*Exercise directions*:
Reproduce the lines below verbatim. Pictures are to be omitted.
=== Data provided ===
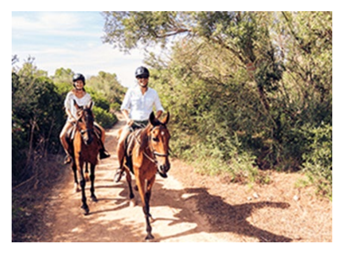
Enjoy nature from a different viewpoint
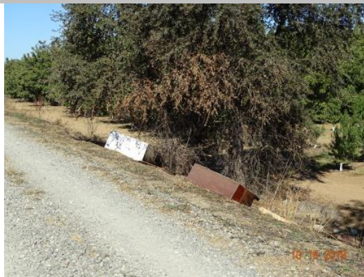
View looking at the landside levee slope where debris has been dumped.

* Location LS : Land Side N/A : Not Applicable WS : Water Side CR : Crown
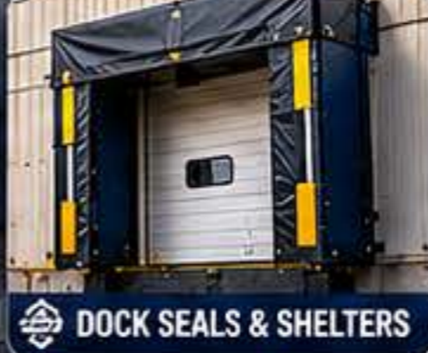
DOCK SEALS & SHELTERS
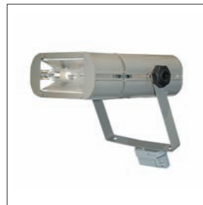
IVEN HQI 150W reflector EUR 50.00 Code 019.010.200.005
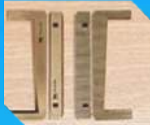
Flate & Profile Blade
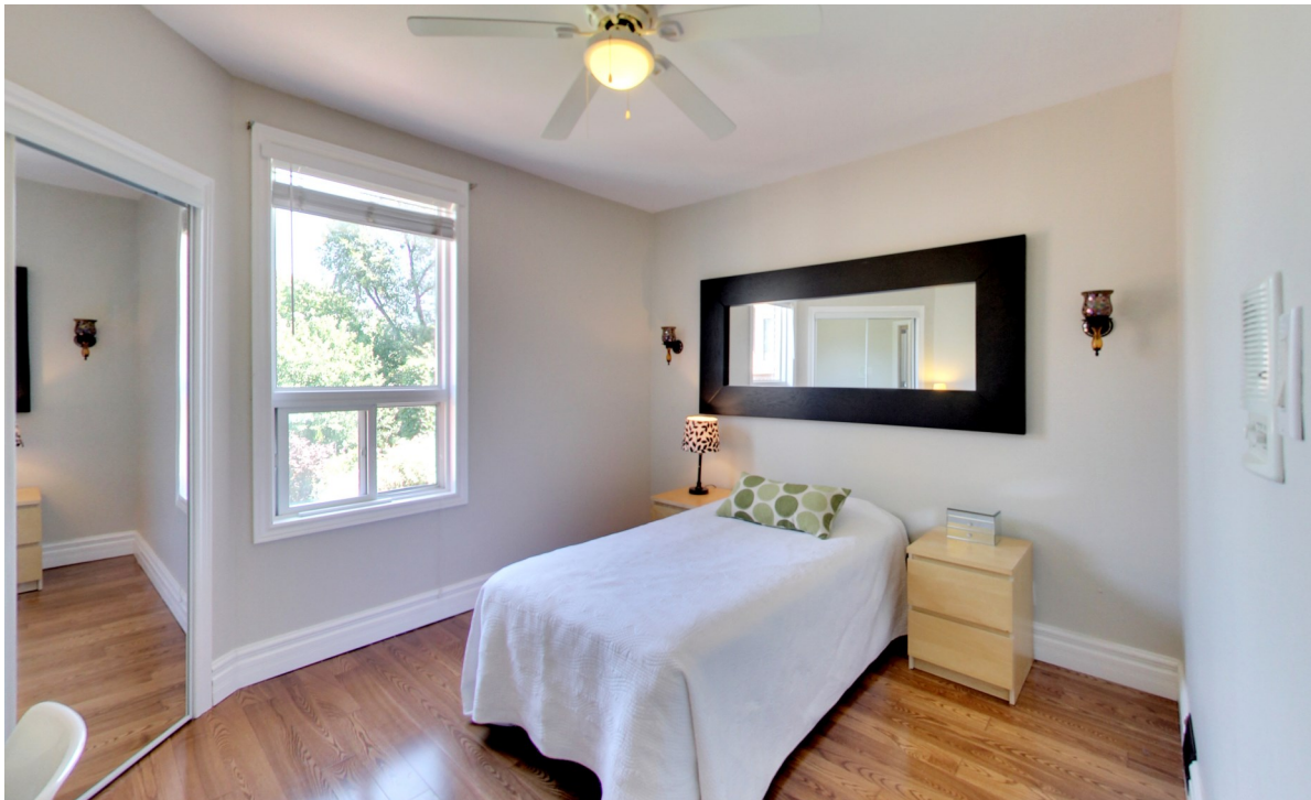
4 Bright, Large Bedrooms with Storage, including a Finished Basement with Kitchen Rough-in and Walk-out
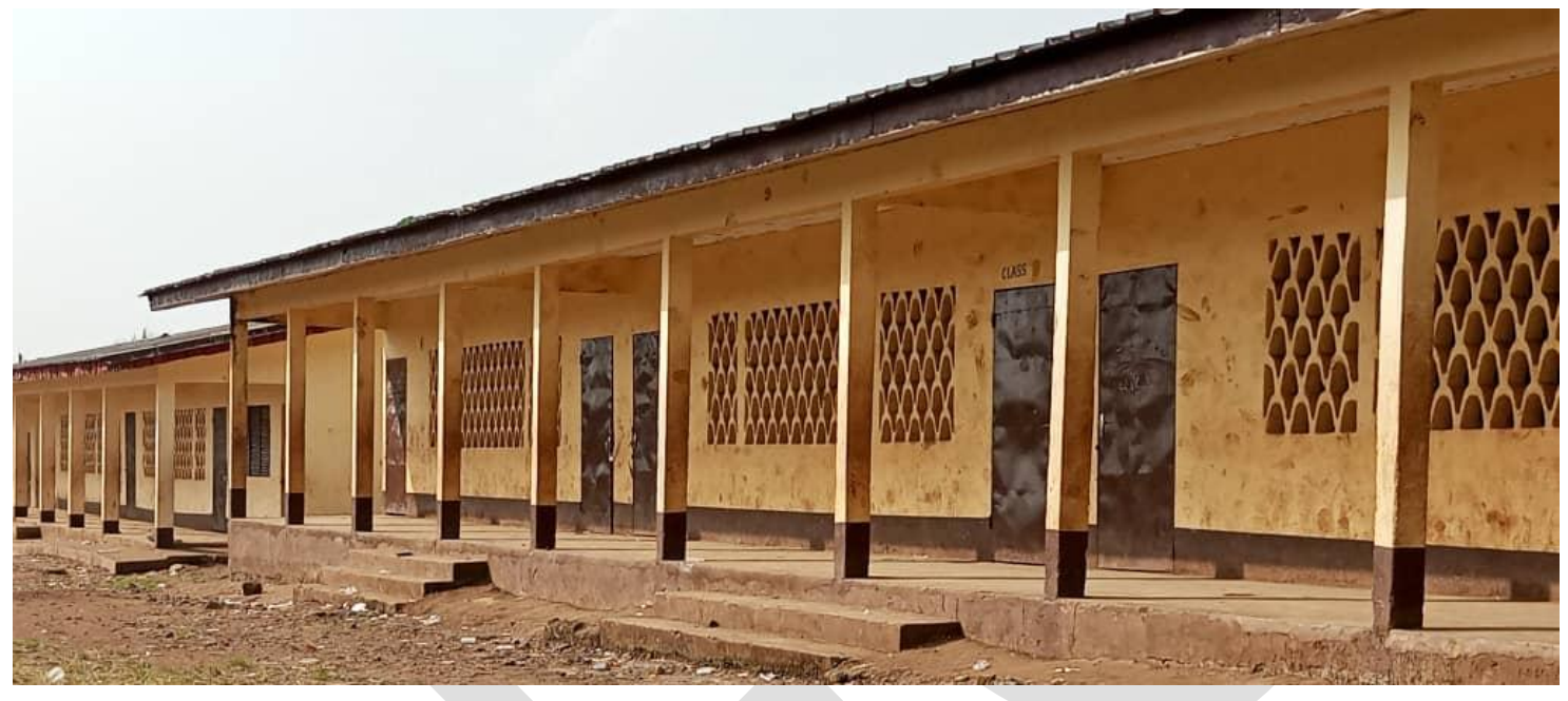
Bomaka School classroom buildings
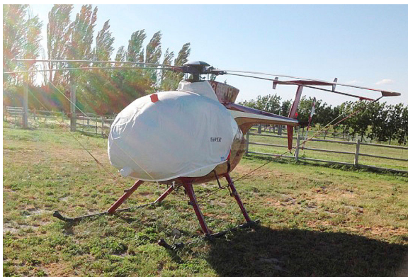
MD500D Bubble Cover with Intake Add-On
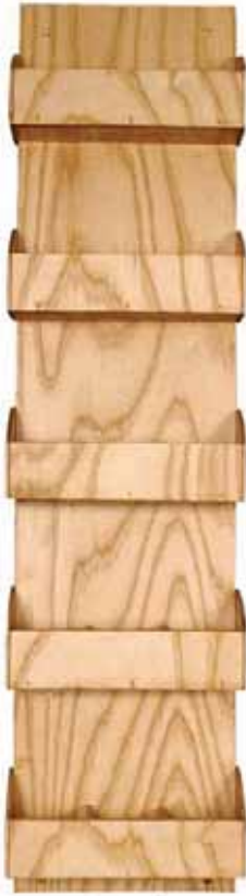
RA1PH $75.00 Phone Holder Attachment 30 phone holders
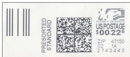
Pitney Bowes: Presorted standard.
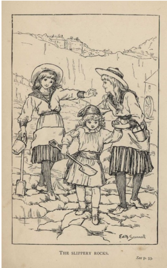
THE SLIPPERY ROCKS. See p. 53.
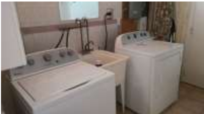
Pic. 28: Laundry
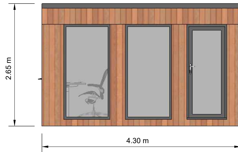
PROPOSED FRONT South East
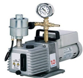
High Vacuum Pumps
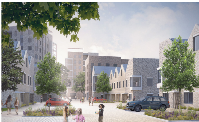
The buildings frame shared space, acknowledge long views and vary scale to create a lively layering in silhouette.
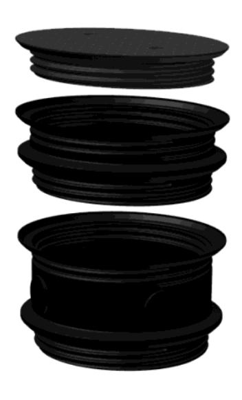
Roth Riser System STAR®
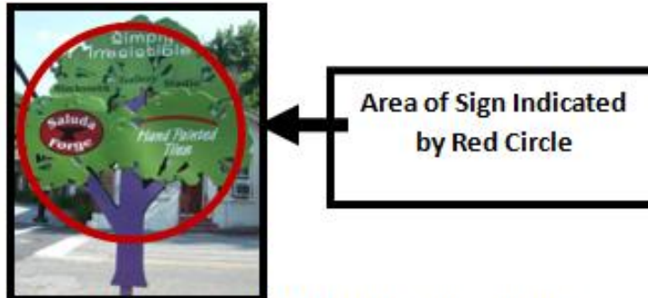
Example Illustrating Measurement of the Area of an Irregularly Shaped Sign

SIGN COPY. Any graphic design, letter, numeral, symbol, figure, device or other media used separately or in combination that is intended to advertise, identify or notify, including the panel or background on which such media is placed.
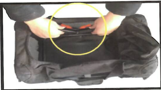
Assemble spring loaded side rods
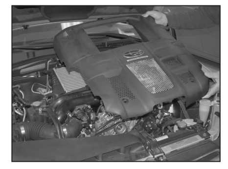
2. Remove the engine cover, which is secured by four plastic rivets.

NOTE: Disconnecting the negative battery cable erases pre-programmed electronic memories. Write down all memory settings before disconnecting the negative battery cable. Some radios will require an anti-theft code to be entered after the battery is reconnected. The anti-theft code is typically supplied with your owner's manual. In the event your vehicles' anti-theft code cannot be recovered, contact an authorized dealership to obtain your vehicles anti-theft code.
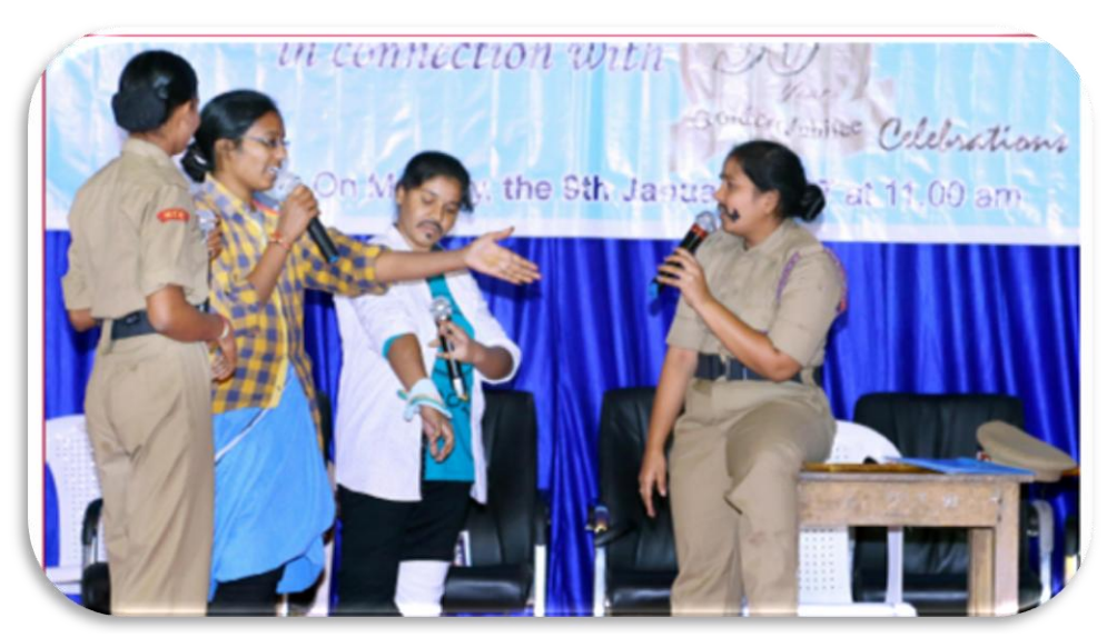
Play let by Present Students
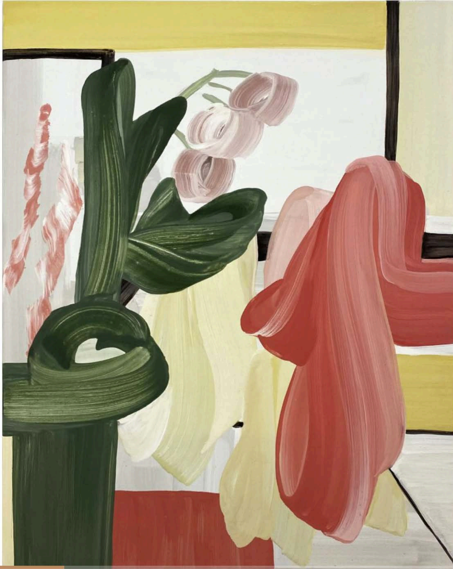
Mojé Assefjah, Song for a Tree , 2022, egg tempera on canvas, 100x80 cm, Courtesy Galerie Tanit, Beirut and Munich
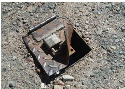
Bollard cover before.
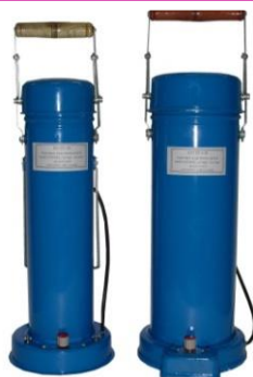
EO-TC-5B & EO-TC-10B - TEMP CONTROLLED
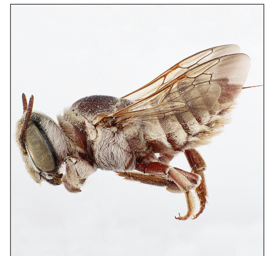
Chalicodoma (Pseudomegachile) riyadbense sp. n.

ZooKeys Launched to accelerate biodiversity research
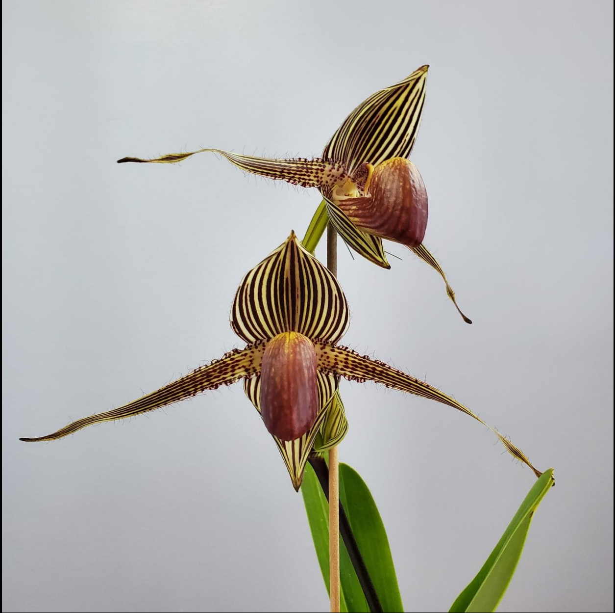
Paphiopedilum rothschildianum 'Chester Hill' x 'Red Baron'
===
*Exercise response*:
Enjoy nature from a different viewpoint
View looking at the landside levee slope where debris has been dumped.

* Location LS : Land Side N/A : Not Applicable WS : Water Side CR : Crown
DOCK SEALS & SHELTERS
IVEN HQI 150W reflector EUR 50.00 Code 019.010.200.005
Flate & Profile Blade
4 Bright, Large Bedrooms with Storage, including a Finished Basement with Kitchen Rough-in and Walk-out
Bomaka School classroom buildings
MD500D Bubble Cover with Intake Add-On
RA1PH $75.00 Phone Holder Attachment 30 phone holders
Pitney Bowes: Presorted standard.
THE SLIPPERY ROCKS. See p. 53.
Pic. 28: Laundry
PROPOSED FRONT South East
High Vacuum Pumps
The buildings frame shared space, acknowledge long views and vary scale to create a lively layering in silhouette.
Roth Riser System STAR®
Example Illustrating Measurement of the Area of an Irregularly Shaped Sign

SIGN COPY. Any graphic design, letter, numeral, symbol, figure, device or other media used separately or in combination that is intended to advertise, identify or notify, including the panel or background on which such media is placed.
Assemble spring loaded side rods
2. Remove the engine cover, which is secured by four plastic rivets.

NOTE: Disconnecting the negative battery cable erases pre-programmed electronic memories. Write down all memory settings before disconnecting the negative battery cable. Some radios will require an anti-theft code to be entered after the battery is reconnected. The anti-theft code is typically supplied with your owner's manual. In the event your vehicles' anti-theft code cannot be recovered, contact an authorized dealership to obtain your vehicles anti-theft code.
Play let by Present Students
Mojé Assefjah, Song for a Tree , 2022, egg tempera on canvas, 100x80 cm, Courtesy Galerie Tanit, Beirut and Munich
Bollard cover before.
EO-TC-5B & EO-TC-10B - TEMP CONTROLLED
Chalicodoma (Pseudomegachile) riyadbense sp. n.

ZooKeys Launched to accelerate biodiversity research
Paphiopedilum rothschildianum 'Chester Hill' x 'Red Baron'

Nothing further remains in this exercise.